In the same way you find a general solution for homegeneous equation and a particular solution for the full equation for ODE, you can proceed in the same way here.

If we call

• $g_n$ the general solution of $a_n-a_{n-1}-a_{n-2}=0$
• and $p_n,q_n$ two particular solutions of $a_n-a_{n-1}-a_{n-2}=Cn$

Then the sequence $x_n=p_n-q_n$ verifies $x_n-x_{n-1}-x_{n-2}=Cn-Cn=0$, so their difference is solution of the homegeneous equation.

It means that a general solution of the full equation is given by $a_n=g_n+p_n$, where any $p_n$ works.

Now how to find a particular solution ?

When you have a polynom on right hand side of equation, you can try to find a polynom as solution.

$P(n)-P(n-1)-P(n-2)=Cn$

If $P(n)=an^d+...$ then $Cn=an^d-an^d-an^d+...=-an^d+Q(n)$ where $\deg(Q)<d$.

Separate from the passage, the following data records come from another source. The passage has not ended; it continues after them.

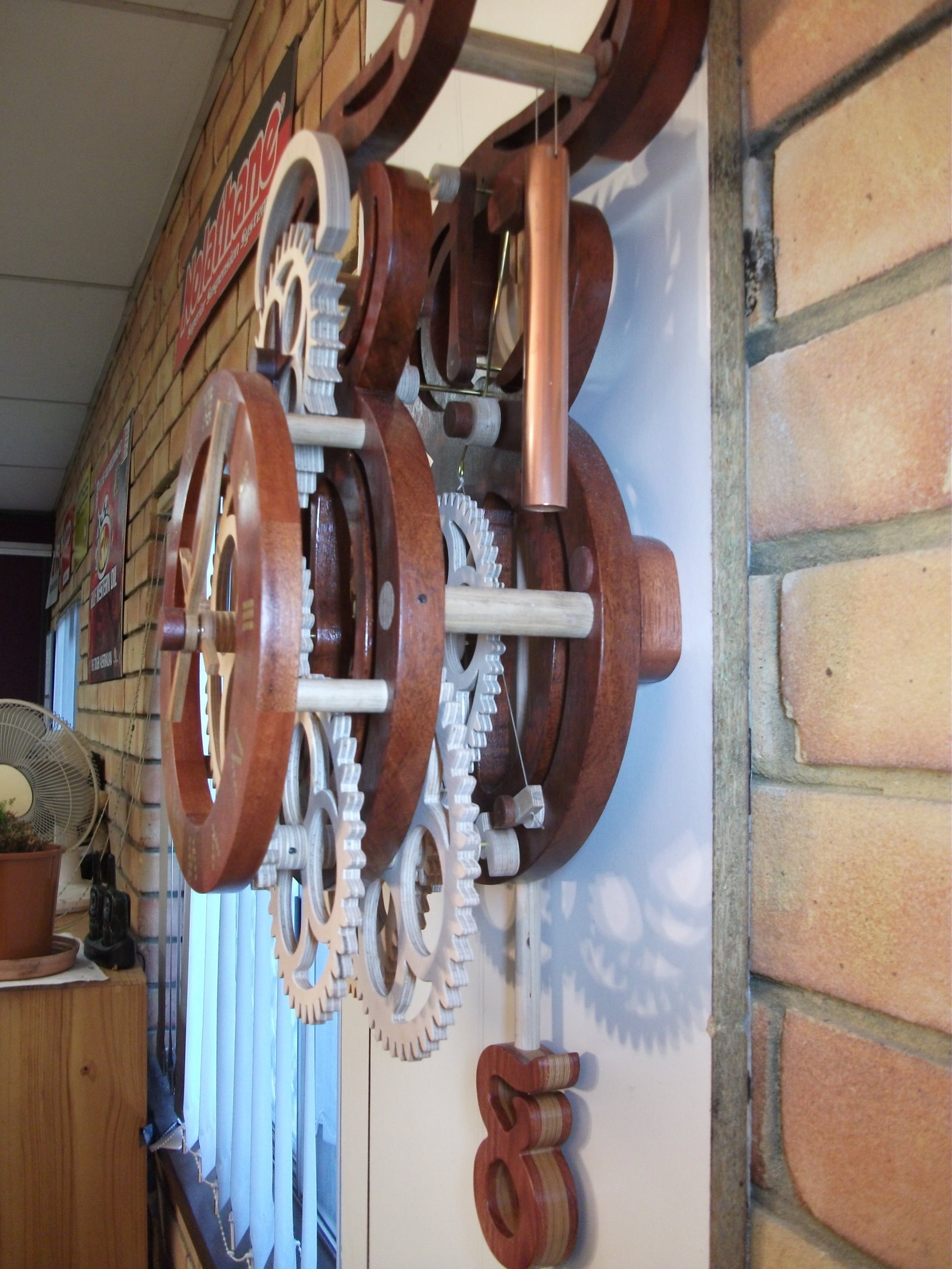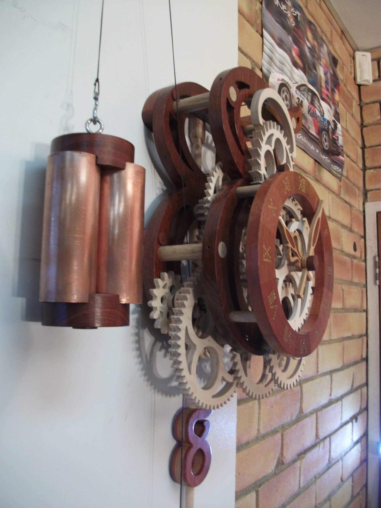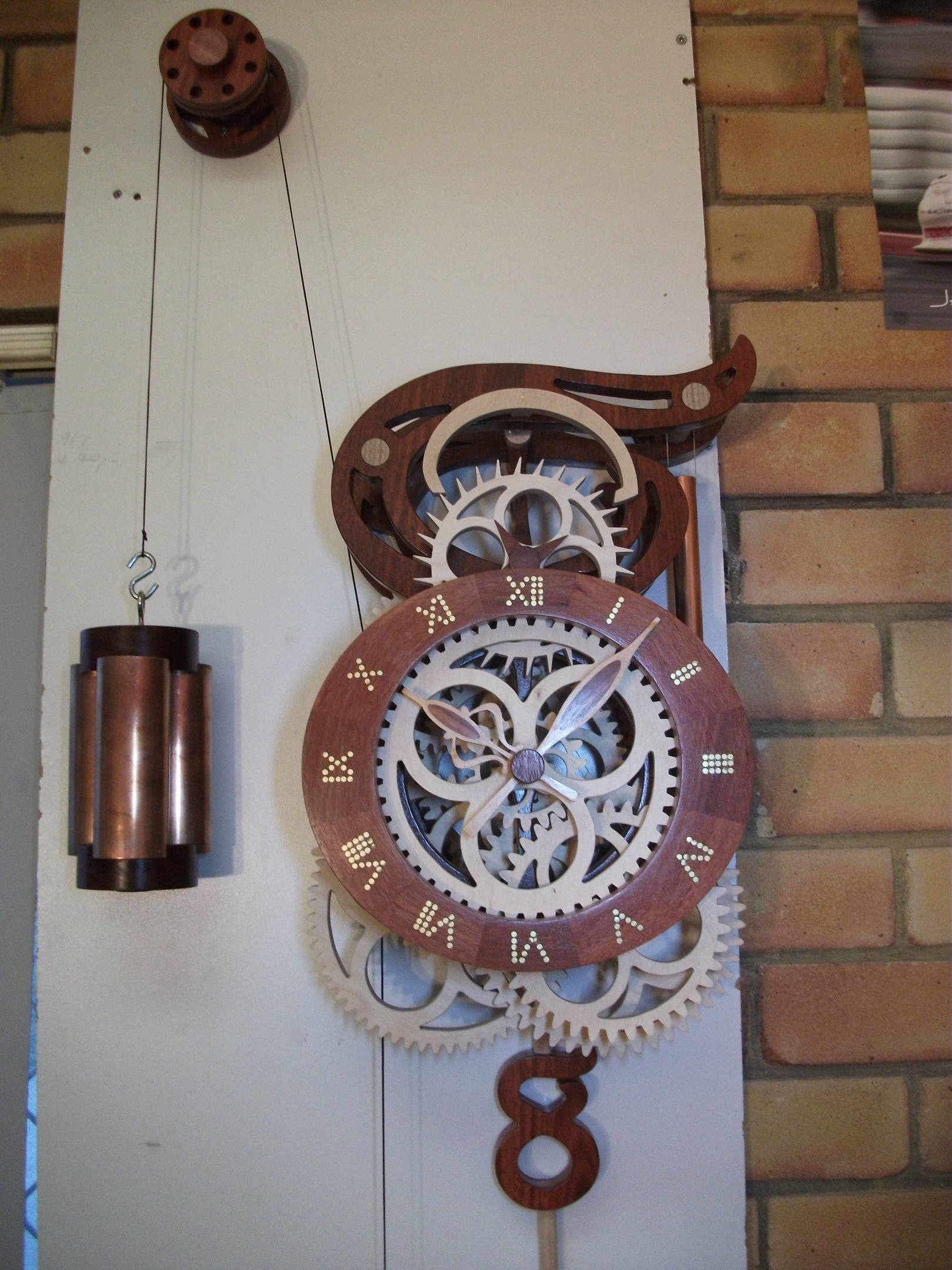 I used a separate pulley instead of a doubling pulley under the clock, as per the original design, as the wgt required would have been frightening!
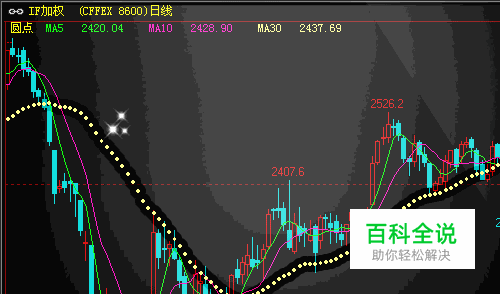 2、绘制小圆点线 MA5:MA(C,5),COLORGREEN; MA10:MA(C,10),COLORMAGENTA; MA30:MA(C,30),CIRCLEDOT; //将30周期均线绘制成小圆点。
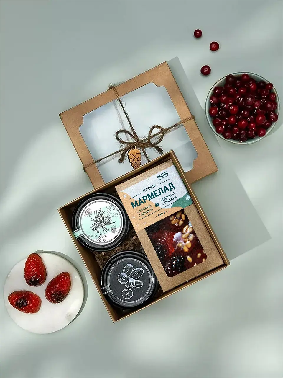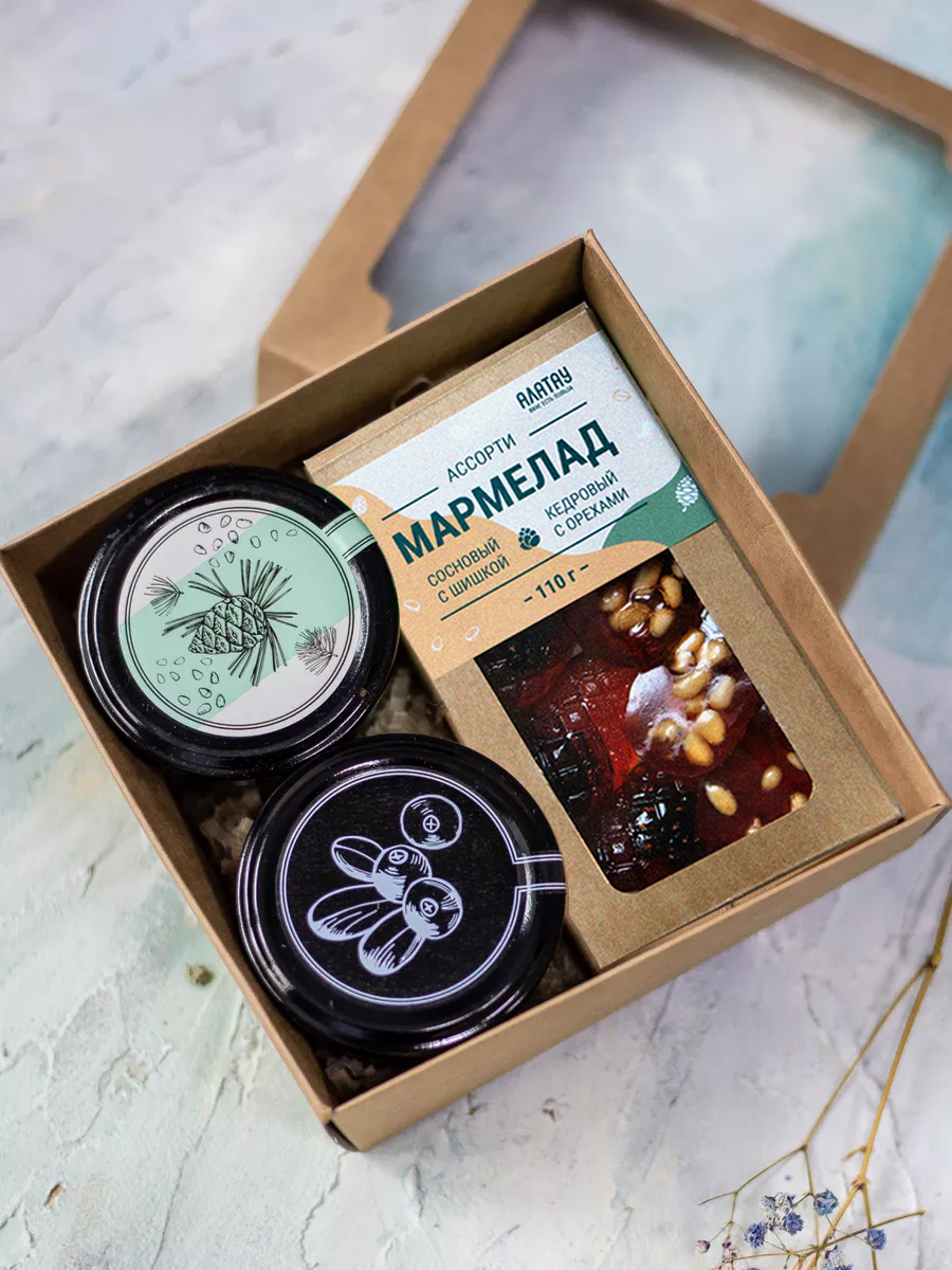 Варенье из сосновых шишек с кедровым орехом - 100 мл; Клюква в сосновом сиропе - 100 мл; Мармелад с сосновой шишкой - 110 гр |

So we see that in our case, the degree of $P$ is at most $1$ and we search a solution $P(n)=an+b$.

Reporting in the equation gives : $an+b-a(n-1)-b-a(n-2)-b=-an+3a-b=Cn$

And by identification $a=-C,\ b=3a\ $ thus $\ P(n)=-(n+3)C$.

Finally with $\phi=\frac{1+\sqrt 5}{2}$ and $\bar\phi=1-\phi:\quad a_n=\alpha{\vphantom{\bar\phi}\phi}^{\,n}+\beta\bar\phi^{\,n}-(n+3)C$